A 2009 study focusing on the naturally high background radiation region of Karunagappalli, India concluded: "our cancer incidence study, together with previously reported cancer mortality studies in the HBR area of Yangjiang, China, suggests it is unlikely that estimates of risk at low doses are substantially greater than currently believed."[18] A 2011 meta-analysis further concluded that the "Total whole body radiation doses received over 70 years from the natural environment high background radiation areas in Kerala, India and Yanjiang, China are much smaller than [the non-tumour dose, "defined as the highest dose of radiation at which no statistically significant tumour increase was observed above the control level"] for the respective dose-rates in each district."[19]

In 2011 an in vitro time-lapse study of the cellular response to low doses of radiation showed a strongly non-linear response of certain cellular repair mechanisms called radiation-induced foci (RIF). The study found that low doses of radiation prompted higher rates of RIF formation than high doses, and that after low-dose exposure RIF continued to form after the radiation had ended.[20]

In 2012 a historical cohort study of >175 000 patients without previous cancer who were examined with CT head scans in UK between 1985 and 2002 was published.[21] The study, which investigated leukaemia and brain cancer, indicated a linear dose response in the low dose region and had qualitative estimates of risk that were in agreement with the Life Span Study (Epidemiology data for low-linear energy transfer radiation).

In 2013 a data linkage study of 11 million Australians with >680 000 people exposed to CT scans between 1985 and 2005 was published.[22] The study confirmed the results of the 2012 UK study for leukaemia and brain cancer but also investigated other cancer types.
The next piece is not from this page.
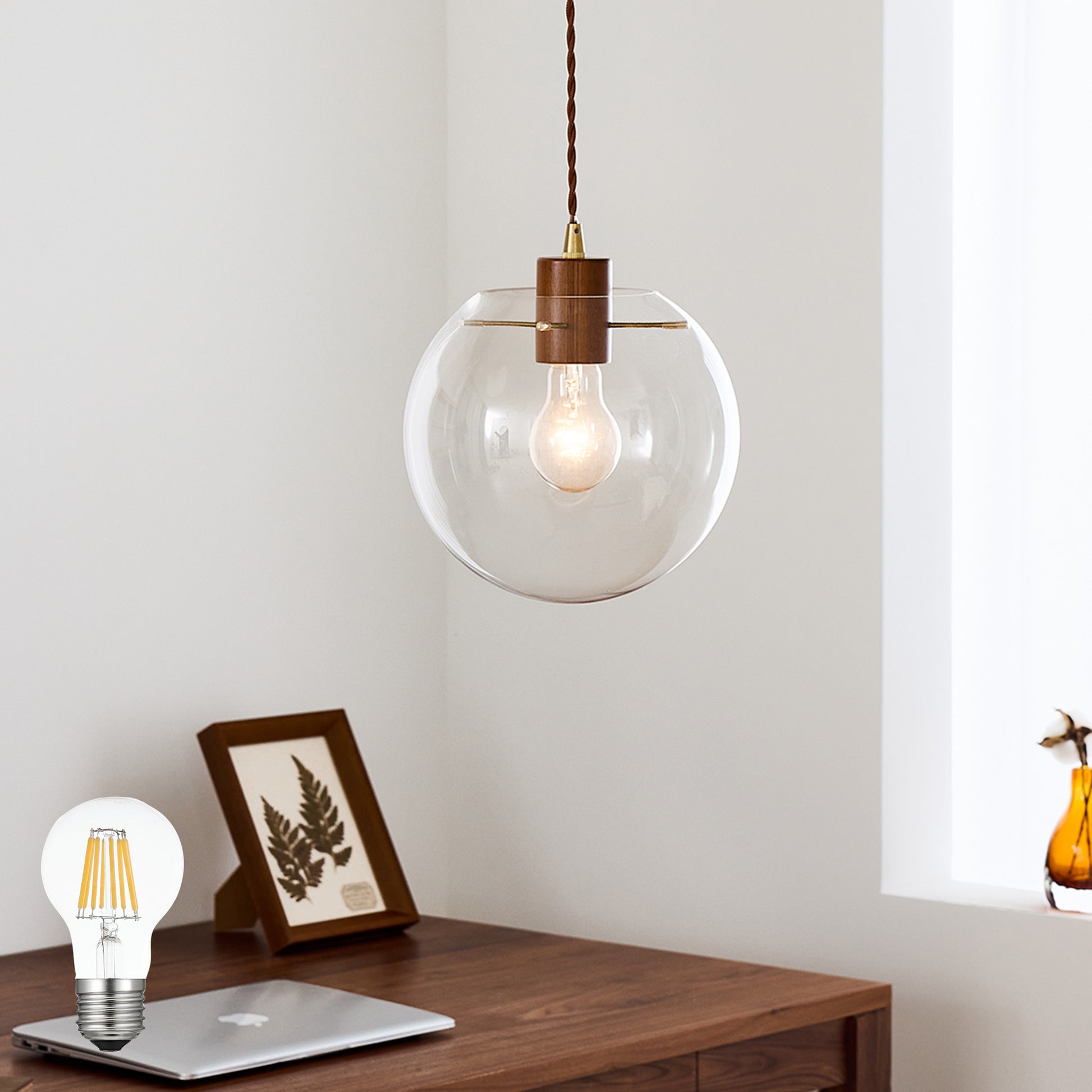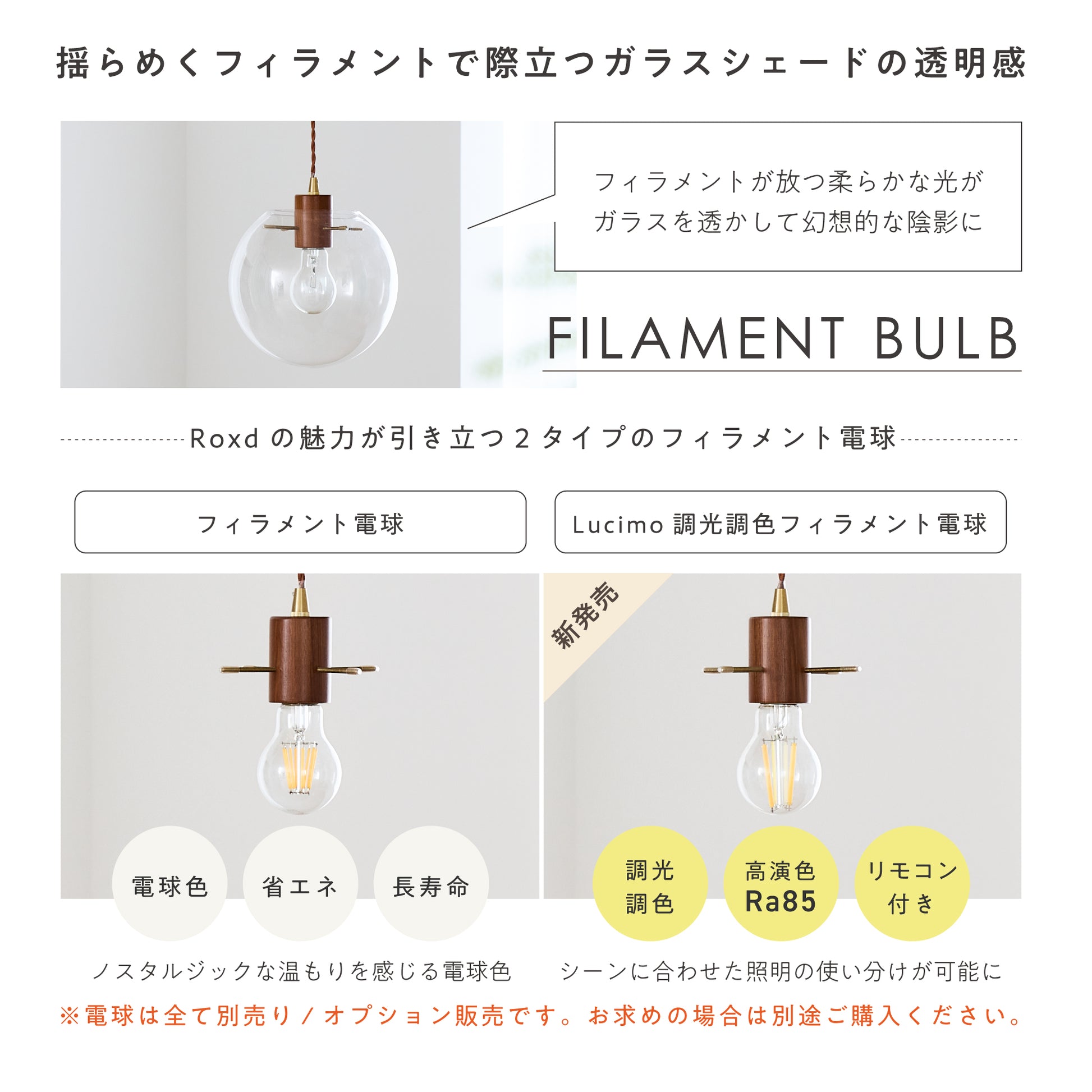 澄んだガラスシェードの美しさを生かすなら、フィラメント電球との組み合わせがおすすめ。繊細なフィラメントの光がゆっくりと広がり、洗練された奥行きのある空間を演出します。従来の当店オリジナルのフィラメントLED電球(VA60-CY-8W-E26)は、温かみある電球色のノスタルジックな灯りに。新発売の調光調色機能付きのタイプ(LUC-FL6G60)なら、時間帯や気分に合わせて光の表情を自在に整えられます。※電球はいずれも別売り/オプション販売です。

The authors conclude that their results were generally consistent with the linear no threshold theory.

Controversy

In recent years the accuracy of the LNT model at low dosage has been questioned and several expert scientific panels have been convened on this topic.

"The scientific research base shows that there is no threshold of exposure below which low levels of ionizing radiation can be demonstrated to be harmless or beneficial."
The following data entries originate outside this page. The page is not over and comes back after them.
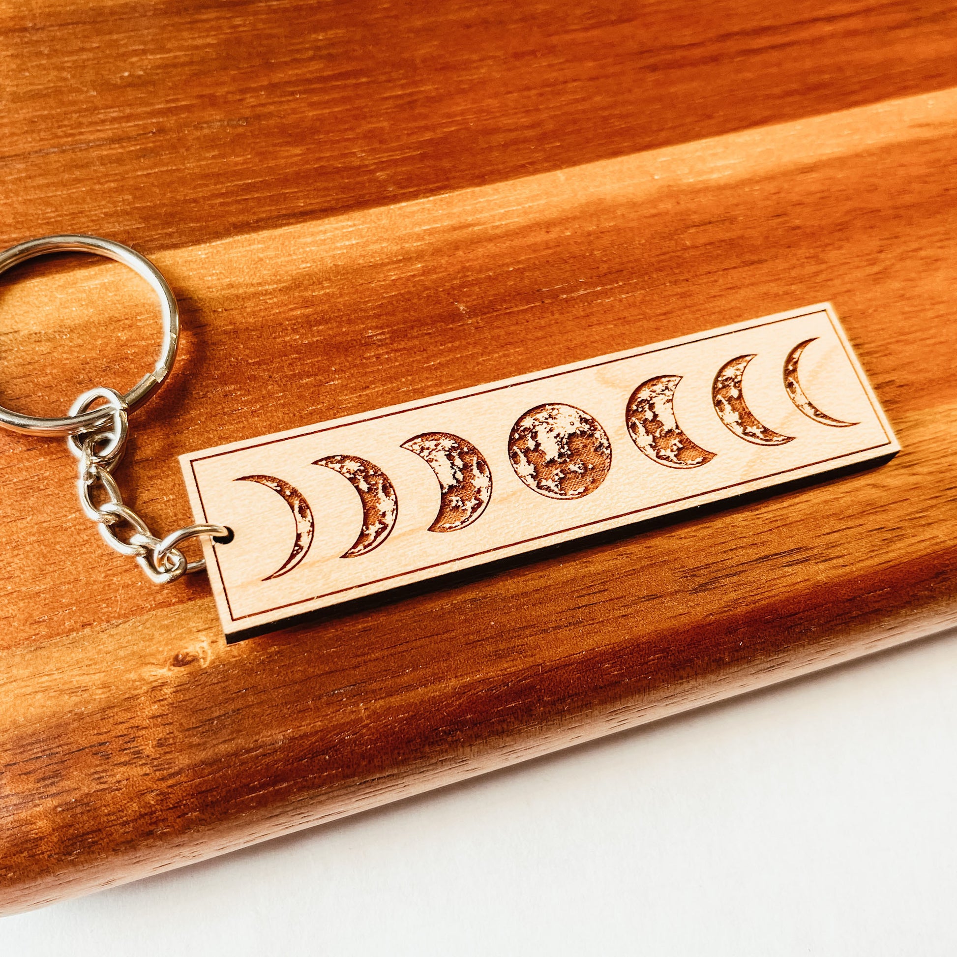 Our wooden keychains are cut from premium-grade, laminated maple and engraved with our studio laser.
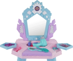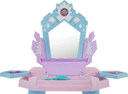 Tualetinis staliukas pastelinių spalvų taps gražia vaikų kambario puošmena ir skatins vaidmenų žaidimą, kūrybiškumą ir smulkiąją motoriką. Paspaudus mygtuką apatinėje veidrodžio dalyje, užsidega šviesos ir pasirodo princesės, lydimos melodijų. Vaikiškas džiovintuvas skleidžia garsą ir turi lengvą oro srautą, tad žaidimas kirpėja tampa dar tikroviškesnis.
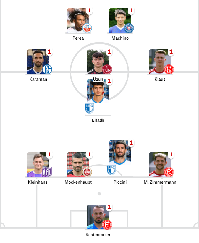中場:卡拉曼(沙爾克)、曼佩烏尊(紐倫堡)、雷亞領銜埃爾法得利(馬格德堡)、杜塞克勞斯(杜塞爾多夫)
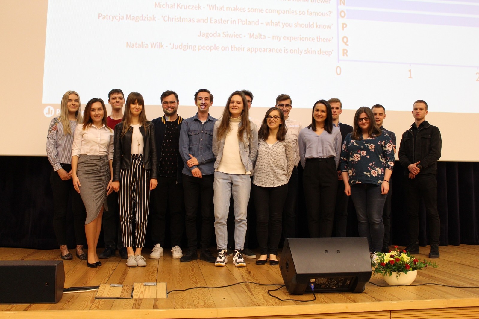 Składamy serdecznie podziękowania oraz ogromne gratulacje naszym wspaniałym studentom za uczestnictwo w konkursie na najbardziej kreatywną i oryginalną formę prezentacji podczas pierwszej uczelnianej edycji wystąpień publicznych w języku angielskim pt.: PoliTalk zorganizowanej przez Studium Języków Obcych Politechniki Rzeszowskiej.
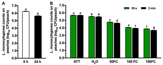 Efficacy of chlorine against Listeria monocytogenes on peaches with 30 s or 2 min contact. (A) L. monocytogenes counts on peaches immediately after inoculation (0 h) and 24 h post-inoculation (24 h). (B) L. monocytogenes recovered on peaches after 30 s or 2 min contact in the respective wash solution. ATT: peaches 24 h post-inoculation. H2O: peaches washed with tap water. FC: free chlorine. 50 FC, 100 FC, or 150 FC: peaches washed with chlorine solution at 50 mg/L FC, 100 mg/L FC, or 150 mg/L FC. Mean ± SEM averaged from three independent studies with 10 peaches/treatment in each independent study. Histogram bars without common letters differ significantly (p < 0.05).
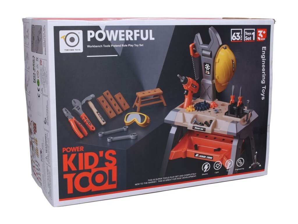 Stolek s nářadím. Rozměry 51x29x71 cm. Světelné efekty. 2xAA baterie do vrtačky nejsou součástí. Přepínač ON/OFF na vrtačce, přepínací tlačítko směru vrtání. Obsahuje stolek, svěrák, helmu, elektrickou vrtačku, pilku, 2 šroubováky, kladívko, hasák, kombinačky, 2 klíče, ochranné brýle, stoličku, 3 ozubená kolečka, 8 šroubů, 8 matic, 2 hmoždinky, 3 dřívka.Doplňkové parametry

However, other organisations disagree with using the Linear no-threshold model to estimate risk from environmental and occupational low-level radiation exposure.
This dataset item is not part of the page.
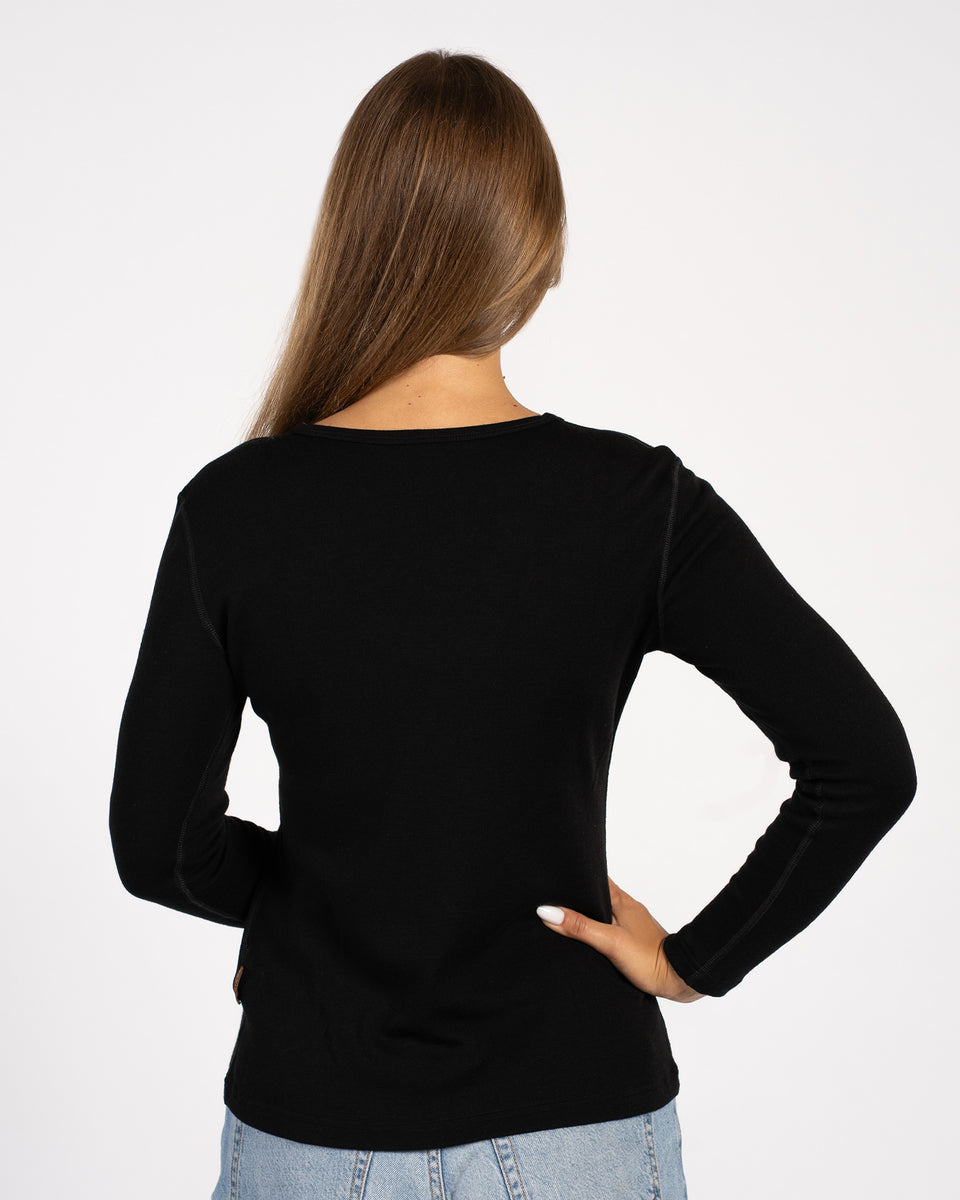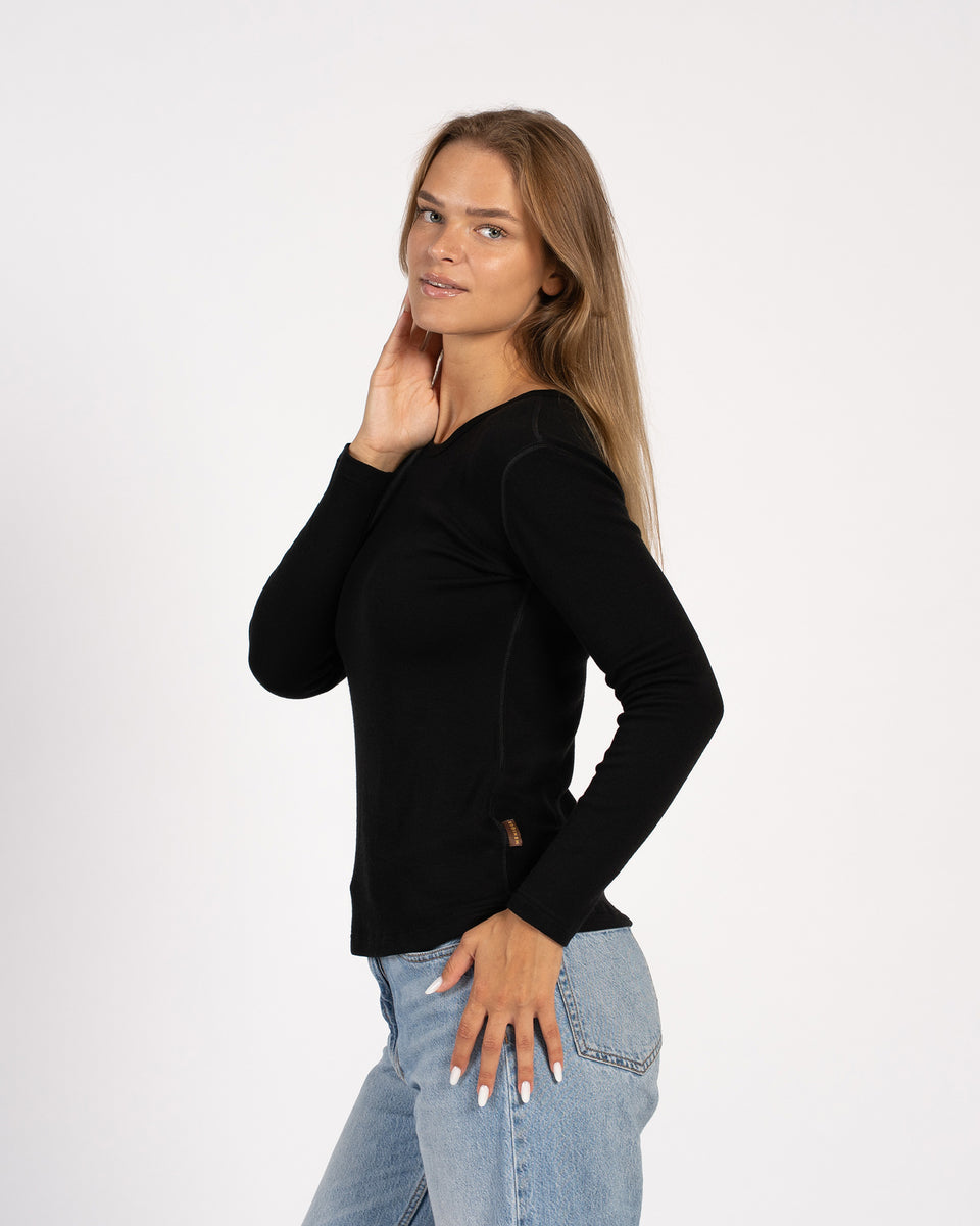 Le tissu en laine mérinos de ce vêtement est produit sans agents de blanchiment ni colorants - votre choix est coloré par la nature. Le fil non teint ne laisse aucune trace, il disparaît dans la Terre.

The French Academy of Sciences (Académie des Sciences) and the National Academy of Medicine (Académie nationale de Médecine) published a report in 2005 (at the same time as BEIR VII report in the United States) that rejected the Linear no-threshold model in favor of a threshold dose response and a significantly reduced risk at low radiation exposure:[30][31]

In conclusion, this report raises doubts on the validity of using LNT for evaluating the carcinogenic risk of low doses (< 100 mSv) and even more for very low doses (< 10 mSv). The LNT concept can be a useful pragmatic tool for assessing rules in radioprotection for doses above 10 mSv; however since it is not based on biological concepts of our current knowledge, it should not be used without precaution for assessing by extrapolation the risks associated with low and even more so, with very low doses (< 10 mSv), especially for benefit-risk assessments imposed on radiologists by the European directive 97-43.

The Health Physics Society's position statement first adopted in January 1996, as revised in July 2010, states:[32]

In accordance with current knowledge of radiation health risks, the Health Physics Society recommends against quantitative estimation of health risks below an individual dose of 5 rem (50 mSv) in one year or a lifetime dose of 10 rem (100 mSv) above that received from natural sources. Doses from natural background radiation in the United States average about 0.3 rem (3 mSv) per year. A dose of 5 rem (50 mSv) will be accumulated in the first 17 years of life and about 25 rem (250 mSv) in a lifetime of 80 years. Estimation of health risk associated with radiation doses that are of similar magnitude as those received from natural sources should be strictly qualitative and encompass a range of hypothetical health outcomes, including the possibility of no adverse health effects at such low levels.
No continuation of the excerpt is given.